In most of the earlier studies, investment expenditure is taken as the dependent variable either in absolute terms and measured in constant prices or as a percentage of the capital stock (i.e. the rate of capital accumulation). Junankar (1972) in his important study derived that the accelerator is a by far more important influence on investment than the rate of interest. This view is consistent with the ideas of Keynesian and post-Keynesian economists of the 1960s and 1970s, who downplayed the view that investment decisions of firms are regulated by the (real) rate of interest (assumed to be equal to the rate of profit) and that the level of demand is by far the most crucial variable in shaping these decisions. In this respect, it is interesting to note that Junankar (1972), who is apparently influenced by the capital controversies of the 1960s, is blatantly clear on issues relating to the measurement of aggregate capital stock in a way, which is consistent with the tenets of the neoclassical theory. More specifically, he contends that problems relating to capital measurements can be surmounted by measuring capital in terms of actual markets prices. In the following years, a number of studies, utilizing time series econometric methodologies, provided evidence that prices may have a significant effect on investment decisions (see for instance Bean, 1981 and Catinat *et al.*, 1987). In reviewing the past empirical studies of investment behaviour, Chirinko (1993) reached the following general conclusion according to which, neither the profit rate nor the interest rate (i.e. the price variables) prove to be statistically important in the investment decisions. He notes that ‘the response of investment to price variables tends to be small and unimportant relative to quantity variables’ (Chirinko, 1993, p. 1906).
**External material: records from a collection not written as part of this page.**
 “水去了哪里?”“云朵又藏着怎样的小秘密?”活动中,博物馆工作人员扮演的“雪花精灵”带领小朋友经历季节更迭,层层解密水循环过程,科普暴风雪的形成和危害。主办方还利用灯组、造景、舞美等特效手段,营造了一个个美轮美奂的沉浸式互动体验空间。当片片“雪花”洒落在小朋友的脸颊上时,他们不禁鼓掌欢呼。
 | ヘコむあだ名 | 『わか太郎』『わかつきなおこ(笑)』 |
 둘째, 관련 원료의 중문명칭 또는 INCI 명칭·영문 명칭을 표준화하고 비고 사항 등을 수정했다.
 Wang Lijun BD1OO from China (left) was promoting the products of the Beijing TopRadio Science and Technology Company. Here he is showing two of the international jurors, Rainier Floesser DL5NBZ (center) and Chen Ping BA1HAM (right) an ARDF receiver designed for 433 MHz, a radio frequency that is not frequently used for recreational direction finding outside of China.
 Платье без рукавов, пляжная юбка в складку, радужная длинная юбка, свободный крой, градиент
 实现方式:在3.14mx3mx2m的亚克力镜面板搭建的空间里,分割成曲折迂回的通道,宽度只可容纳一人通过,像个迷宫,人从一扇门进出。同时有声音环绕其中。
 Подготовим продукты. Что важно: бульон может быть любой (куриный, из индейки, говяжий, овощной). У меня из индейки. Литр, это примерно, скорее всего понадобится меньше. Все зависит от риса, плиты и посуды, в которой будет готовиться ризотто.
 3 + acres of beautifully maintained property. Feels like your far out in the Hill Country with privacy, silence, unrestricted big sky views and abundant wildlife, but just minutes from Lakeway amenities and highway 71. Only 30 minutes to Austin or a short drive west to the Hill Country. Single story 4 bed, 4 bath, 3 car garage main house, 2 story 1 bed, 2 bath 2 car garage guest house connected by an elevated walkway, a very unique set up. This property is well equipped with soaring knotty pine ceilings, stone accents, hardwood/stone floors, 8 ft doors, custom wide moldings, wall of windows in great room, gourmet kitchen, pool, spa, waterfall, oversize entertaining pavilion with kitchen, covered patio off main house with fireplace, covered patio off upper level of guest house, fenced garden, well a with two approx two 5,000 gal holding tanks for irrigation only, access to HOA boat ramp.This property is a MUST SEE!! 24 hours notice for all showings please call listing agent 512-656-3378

## PRICE VARIABLES AND THE INVESTMENT FLOWS

Although the past econometric literature de-emphasized the importance of the so-called price variables, this may be explained partly by the lack of reliable and long-run time series data; partly by the econometric techniques, which suffered from a number of problems that now we can cope with using panel unit root tests and panel cointegration; finally, the econometric specification usually was not the most appropriate to capture the effects of price variables. In our econometric specification, we take the growth rate of investment as the appropriate index, which essentially indicates the acceleration or deceleration of capital accumulation. As independent variables, we include the incremental rate of profit (IROP) as an index of profitability, the real prime interest rate as an index of financial conditions, and the growth rate of real gross domestic product (RGDP) as our proxy for the demand conditions or acceleration effects and we also use lags of the dependent variable to capture the possible cumulative and diffusion of technology effects of past investment activity. The major advantage of such econometric specification is that in our measure of profitability, we dispense altogether with the capital stock and the difficulties, theoretical and empirical, associated with its measurement as produced (means of production) goods. As a consequence, the gross investment expenditures, used in our profitability variable (see below), have the advantage that their measurement is straightforward and common across countries and also over the years.

The profitability conditions are captured by the IROP, that is, the change in real gross profits over the real gross investment of the last period. The idea is that the economy-wide average rate of profit commonly used in investment or capital accumulation econometric specifications is a weighted average of all firms operating in all industries and it is not necessarily the rate of profit that actually becomes the magnet or repeller of the bulk of investment activity. Thus, the decisions to invest are motivated by the profitability of the leading firms (called ‘regulating capitals’) activated in each industry.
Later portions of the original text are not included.